There are other reasons the settlement is important. We often hear about “big banks,” but what is big? In Barclays’ case, it’s about 50 million customers in 50 countries and assets of more than $2 trillion. That’s gigantic. And remember, there are even bigger banks. Despite those astonishing numbers, big isn’t the prevailing problem in this instance. The alarm is placing the banks’ interests ahead of their own customers.

‘Sure winners’

Barclays sought to gain an advantage for the bank. That’s not wrong unless it breaks the law or hurts customers. Other megabanks have been in trouble for this in a little different way. Goldman Sachs and Citibank each created innovative investments that some would have called “sure winners” and marketed them hard to their customers. The problem was: they were “fake-out” funds. These megabanks actually took the other side of the investment — which (surprise surprise) turned out to be the winning side.

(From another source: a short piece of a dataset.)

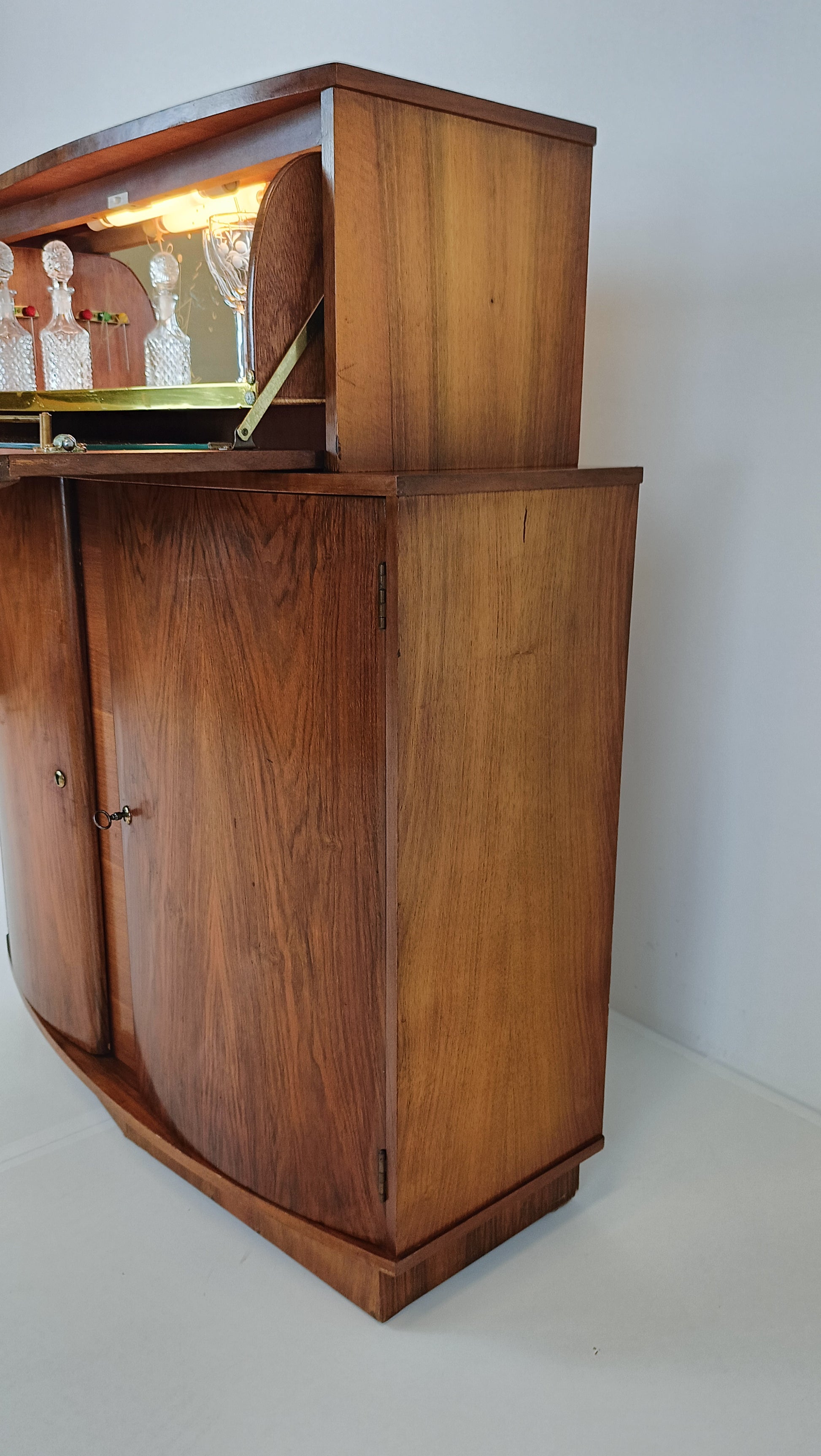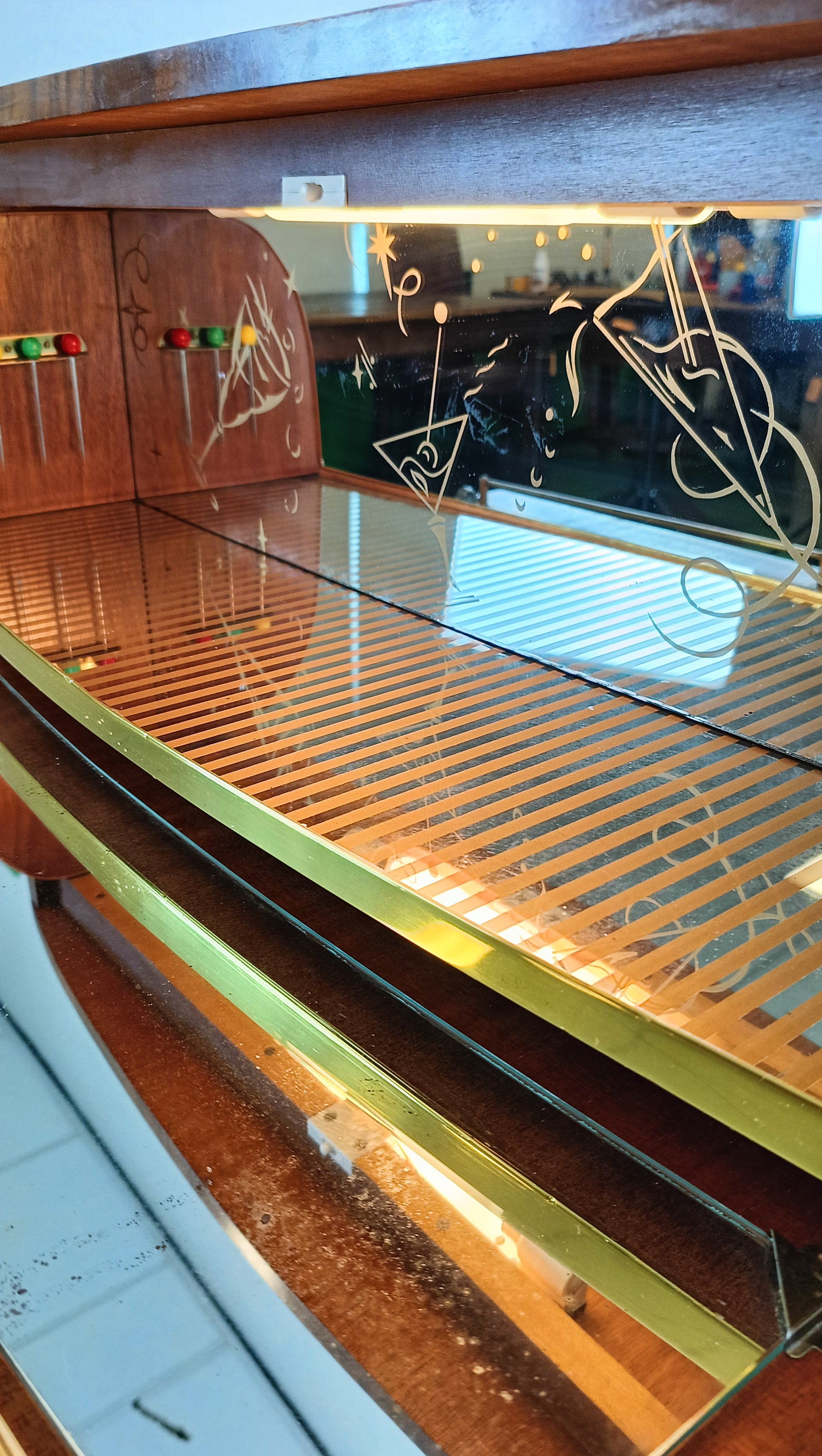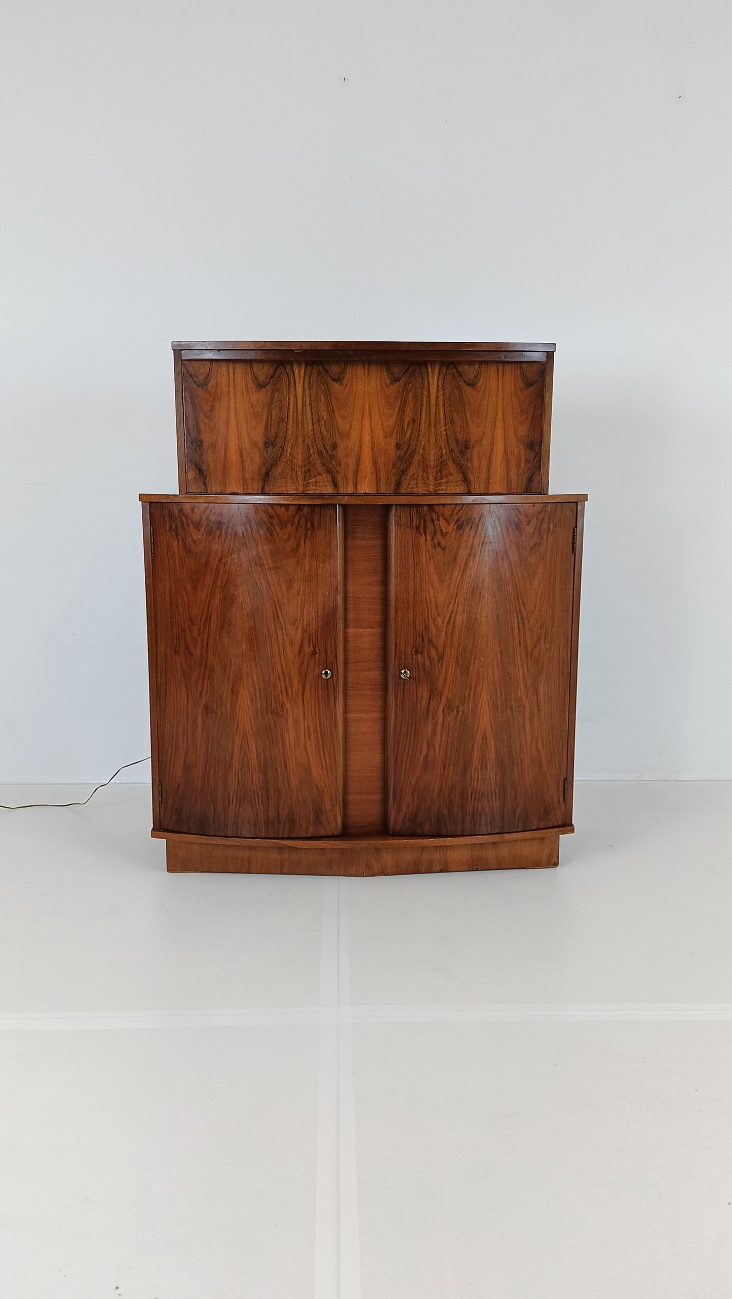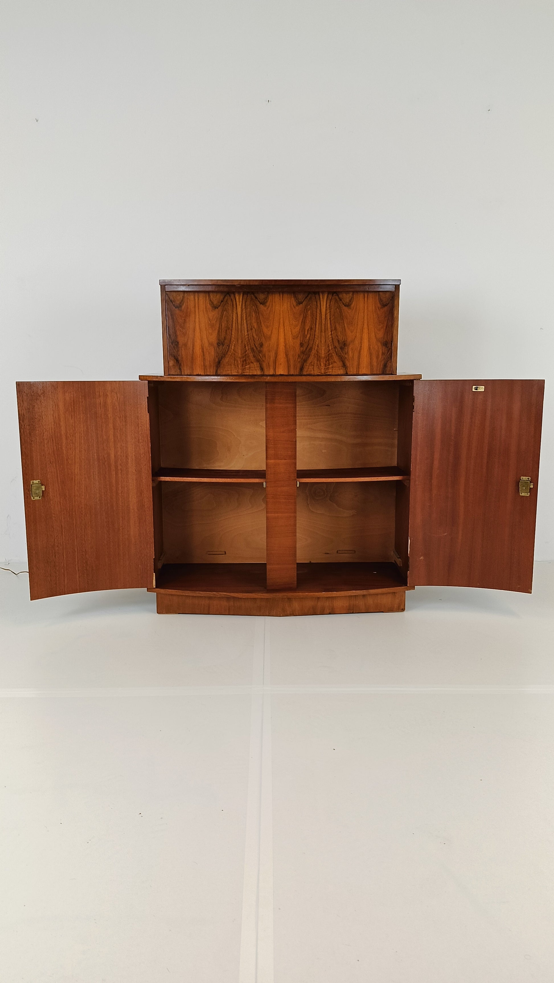 With summer in the air this incredible 1950s ‘Sureline’ George Serlin and Sons cocktail bar is bringing on the Cozy! Drop down front with Spectacular mirrored interior with atomic cocktail motifs to back glass, all original cocktail sticks present. Fab cherry red padded vinyl front on a walnut cabinet. Sat on brass tipped spindle legs. Just fabulous ✨⚡️✨ condition is exceptional. Light is fully working. Contains key for front doors.

The U.S. financial reform law passed two years ago sought to put the brakes on exactly this type of proprietary trading with something called the Volcker Rule. Under it, megabanks would have to be banks again—not hedge funds — and focus on their customers instead of gaming against them or gambling with their money. The problem now: the megabanks continue to aggressively oppose it, and regulators haven’t implemented it. Applying a strong version of Volcker could have stymied Barclays’ scheme, Goldman’s ruse and Citibank’s ploy.

The banks are making the case for Volcker’s immediate implementation.

Bart Chilton is a commissioner on the U.S. Commodity Futures Trading Commission and the author of Ponzimonium: How Scam Artists Are Ripping Off America. Distributed by MCT Information Services.